What is being asked – Please return exactly the lines from the top of the data through the line that contains "Nous avons été", and skip all pictures.

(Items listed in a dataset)
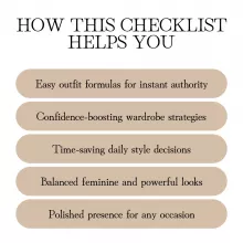 - Style Strategy Cheatsheet—ready-to-use outfit formulas for quick, powerful looks
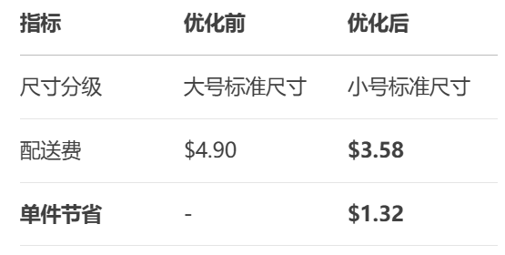 将外盒长度从18英寸压缩至17.9英寸(亚马逊尺寸舍入规则:17.9→17英寸) 替换纸质内衬为蜂窝纸板,重量从1.1磅降至0.98磅 优化后尺寸:17.9"x14"x4" → 归类为小号标准尺寸
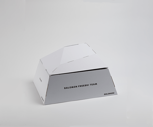 Nous avons été contacté pour imaginer et développer une box destinée aux athlètes de Salomon. Le but étant de contenir et présenter les produits sélectionnés pour les athlètes. Cette box devait être réalisée 100% en carton et sans collage. Bien évidemment cela devait être le plus différenciant possible. C’est pourquoi nous avons proposé une solution la plus éco-responsable possible en s’inspirant du minéral.
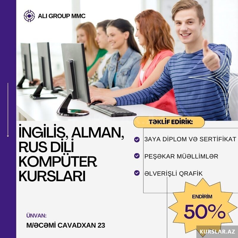 Şirkət30 Azn 3 AYA ÖYRƏN - İNDİ BAŞLA! TƏDRİS OLUNAN KURSLAR İngilis dili (onlayn) - 25 AZN Rus dili (onlayn) - 30 AZN Alman dili (onlayn) - 30 AZN Kompüter kursu (onlayn) - 30 AZN Qrup əyani dərslər - 50 AZN Fərdi dərslər - 89
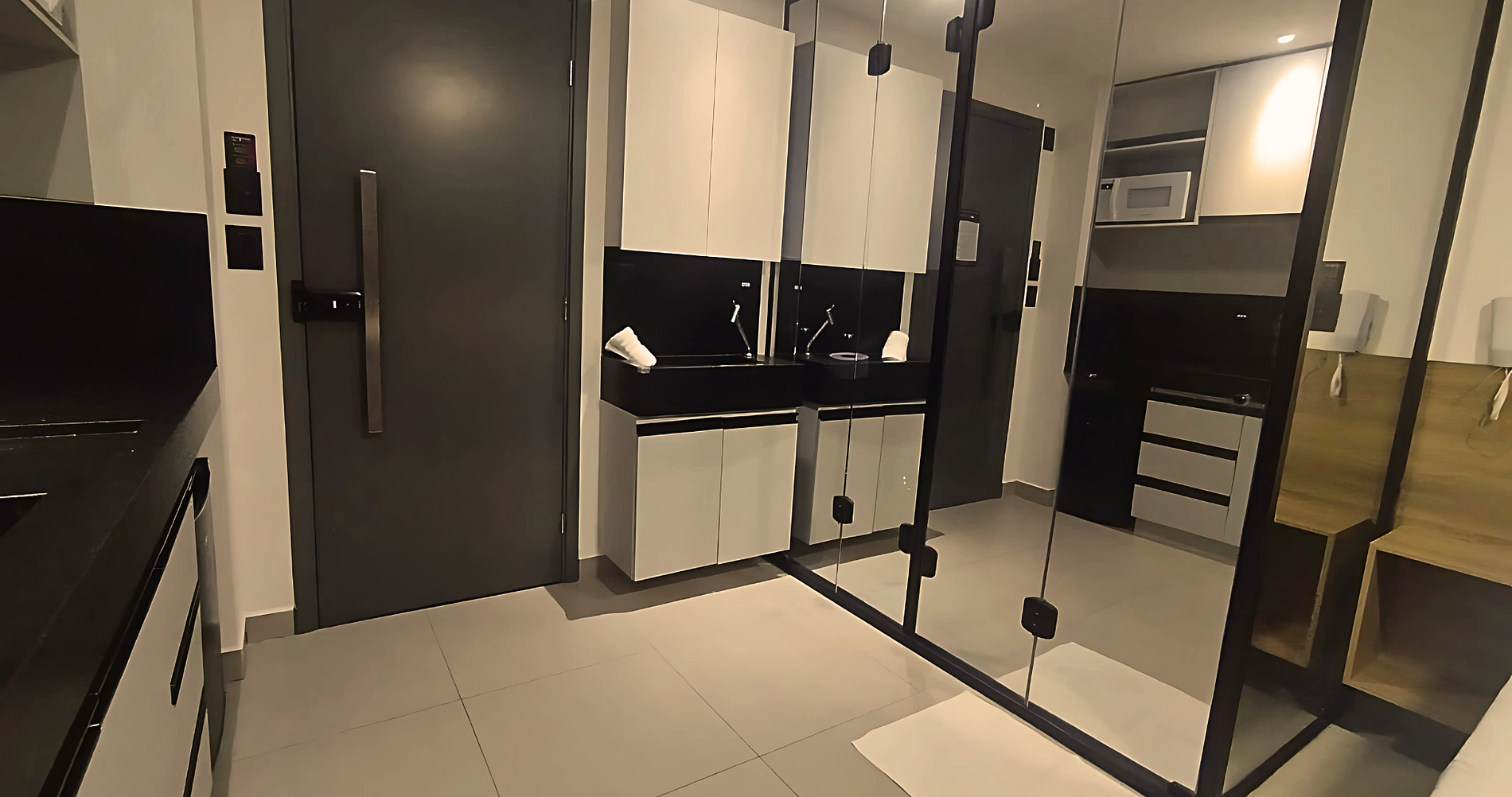 - Espaço projetado disponibilizando: Pratos, copos, talheres, microondas, sanduicheira e cafeteira.

Answer to this task –
 - Style Strategy Cheatsheet—ready-to-use outfit formulas for quick, powerful looks
 将外盒长度从18英寸压缩至17.9英寸(亚马逊尺寸舍入规则:17.9→17英寸) 替换纸质内衬为蜂窝纸板,重量从1.1磅降至0.98磅 优化后尺寸:17.9"x14"x4" → 归类为小号标准尺寸
 Nous avons été contacté pour imaginer et développer une box destinée aux athlètes de Salomon. Le but étant de contenir et présenter les produits sélectionnés pour les athlètes. Cette box devait être réalisée 100% en carton et sans collage. Bien évidemment cela devait être le plus différenciant possible. C’est pourquoi nous avons proposé une solution la plus éco-responsable possible en s’inspirant du minéral.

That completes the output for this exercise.